Referring to FIGS. 27 and 28, a plurality of data lines 14A, a plurality of sensing lines 14B, and a plurality of scan lines 15 cross each other on a display panel 10, and subpixels P are arranged in a matrix form at their crossings.

Each subpixel P is connected to one of the data lines 14A, one of the sensing lines 14B, and one of the scan lines 15. The sensing lines 14B are panel lines described above. Each subpixel P is electrically connected to the data line 14A in response to a scan pulse input through the scan line 15 to receive a data voltage form the data line 14A and output a sensing signal through the sensing line 14B.

Each subpixel P receives a high potential driving voltage EVDD and a low potential driving voltage EVSS from a power circuit. Each subpixel P may include an OLED, a driving TFT, first and second switching TFTs, a storage capacitor, and the like. The TFTs constituting the subpixel P may be implemented as p-type or n-type transistors. Further, semiconductor layers of the TFTs may include amorphous silicon, polycrystalline silicon, or oxide.

Each subpixel P operates in a driving mode for an image display and a sensing mode for sensing driving characteristics of the subpixel P. The sensing mode may be performed for a predetermined time before the driving mode during a power-on sequence or performed in a vertical blanking interval VB in the driving mode.

A data driver circuit 12 includes a plurality of source driver ICs SIC. The data driver circuit 12 may include DACs connected to the data lines 14A, sensing units connected to the sensing lines 14B, and an ADC. In the driving mode, the DAC converts data RGB of an input image into a data voltage under the control of a timing controller 11 and supplies the data voltage to the data line 14A. In the sensing mode, the DAC generates a sensing data voltage under the control of the timing controller 11 and supplies the sensing data voltage to the data line 14A.

Each sensing unit includes a current integrator CI to which the current is input through the sensing line 14B and a sampling circuit SH for sampling and holding an output of the current integrator CI. The ADC of the data driver circuit 12 sequentially converts the outputs of the sampling circuits SH into digital data and transmits the digital data, as sensing data SD, to the timing controller 11.

In the driving mode, a scan driver circuit 13 generates an image display scan pulse under the control of the timing controller 11 and shifts the image display scan pulse. In the sensing mode, the scan driver circuit 13 generates a sensing scan pulse and shifts the sensing scan pulse. An ON-pulse portion of the sensing scan pulse may be wider than an ON-pulse portion of the image display scan pulse. The sensing scan pulse may include one ON-pulse portion or a plurality of ON-pulse portions within sensing ON-time of one line. In aspects disclosed herein, the sensing ON-time of one line is time required to simultaneously sense subpixels of one line and is hereinafter referred to as “1-line sensing ON-time”.

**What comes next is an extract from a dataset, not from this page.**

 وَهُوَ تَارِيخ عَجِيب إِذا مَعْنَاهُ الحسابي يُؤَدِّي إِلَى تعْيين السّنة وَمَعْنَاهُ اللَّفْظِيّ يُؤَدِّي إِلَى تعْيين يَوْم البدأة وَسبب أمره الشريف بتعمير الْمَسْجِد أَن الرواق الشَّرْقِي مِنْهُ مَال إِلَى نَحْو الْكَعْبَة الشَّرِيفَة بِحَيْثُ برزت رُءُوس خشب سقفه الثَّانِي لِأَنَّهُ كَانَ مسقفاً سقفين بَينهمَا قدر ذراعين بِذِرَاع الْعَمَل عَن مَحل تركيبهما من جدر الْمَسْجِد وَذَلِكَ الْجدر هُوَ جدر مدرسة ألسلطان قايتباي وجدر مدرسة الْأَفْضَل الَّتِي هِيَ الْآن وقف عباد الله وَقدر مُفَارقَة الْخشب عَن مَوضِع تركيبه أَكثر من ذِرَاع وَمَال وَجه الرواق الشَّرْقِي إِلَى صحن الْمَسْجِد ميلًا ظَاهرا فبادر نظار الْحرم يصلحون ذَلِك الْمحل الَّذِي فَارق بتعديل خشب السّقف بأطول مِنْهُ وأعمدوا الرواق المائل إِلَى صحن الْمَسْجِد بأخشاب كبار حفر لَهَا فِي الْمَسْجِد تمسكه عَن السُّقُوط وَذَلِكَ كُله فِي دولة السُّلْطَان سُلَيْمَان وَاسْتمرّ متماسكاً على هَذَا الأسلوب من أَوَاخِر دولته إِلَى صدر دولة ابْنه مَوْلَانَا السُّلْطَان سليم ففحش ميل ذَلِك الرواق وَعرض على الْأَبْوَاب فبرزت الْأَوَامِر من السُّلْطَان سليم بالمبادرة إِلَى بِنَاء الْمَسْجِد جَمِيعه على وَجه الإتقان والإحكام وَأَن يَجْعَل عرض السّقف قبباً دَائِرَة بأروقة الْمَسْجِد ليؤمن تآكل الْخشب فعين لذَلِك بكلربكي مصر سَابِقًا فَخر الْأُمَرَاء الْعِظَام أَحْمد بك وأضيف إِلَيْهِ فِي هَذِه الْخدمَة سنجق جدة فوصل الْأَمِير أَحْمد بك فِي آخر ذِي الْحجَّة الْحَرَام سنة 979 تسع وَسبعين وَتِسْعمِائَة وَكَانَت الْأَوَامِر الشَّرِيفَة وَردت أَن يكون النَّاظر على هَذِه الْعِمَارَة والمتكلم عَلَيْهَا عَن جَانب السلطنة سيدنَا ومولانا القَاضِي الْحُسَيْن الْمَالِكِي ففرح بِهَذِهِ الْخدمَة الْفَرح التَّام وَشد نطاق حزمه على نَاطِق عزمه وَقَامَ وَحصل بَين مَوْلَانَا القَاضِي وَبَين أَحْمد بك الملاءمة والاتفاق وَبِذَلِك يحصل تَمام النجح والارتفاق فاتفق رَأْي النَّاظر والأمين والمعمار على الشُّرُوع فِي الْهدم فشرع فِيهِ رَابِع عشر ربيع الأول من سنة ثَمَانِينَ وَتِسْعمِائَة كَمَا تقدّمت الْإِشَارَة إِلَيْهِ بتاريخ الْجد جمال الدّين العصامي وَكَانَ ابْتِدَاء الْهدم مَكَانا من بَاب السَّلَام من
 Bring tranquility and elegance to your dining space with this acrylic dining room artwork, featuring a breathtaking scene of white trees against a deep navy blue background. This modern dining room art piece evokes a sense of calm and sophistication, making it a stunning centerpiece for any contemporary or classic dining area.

The timing controller 11 generates timing control signals for controlling operation timings of the data driver circuit 12, the scan driver circuit 13, and a sensing circuit based on timing signals Vsync, Hsync, MCLK and DE synchronized with signals of an input image. The timing controller 11 distinguishes the driving mode from the sensing mode and controls the data driver circuit 12, the scan driver circuit 13, and the sensing circuit in conformity with each of the driving mode and the sensing mode.

In the sensing mode, the timing controller 11 may transmit digital data corresponding to a sensing data voltage to the data driver circuit 12. In the sensing mode, the timing controller 11 applies sensing data SD transmitted from the data driver circuit 12 to a previously set compensation algorithm to derive a threshold voltage variation ΔVth and a mobility variation ΔK, and then stores compensation data capable of compensating for the variations in a memory 16. In the driving mode, the timing controller 11 modulates digital video data RGB of the input image using the compensation data stored in the memory 16 and then transmits the modulated digital video data RGB to the data driver circuit 12.

FIG. 29 illustrates a connection structure of a subpixel and a sensing unit. FIG. 30 illustrates one sensing waveform of each subpixel within 1-line sensing ON-time defined as an ON-pulse portion of a sensing scan pulse SCAN.

Referring to FIG. 29, a subpixel P includes an OLED, a driving TFT DT, a storage capacitor Cst, a first switching TFT ST1, a second switching TFT ST2, and the like.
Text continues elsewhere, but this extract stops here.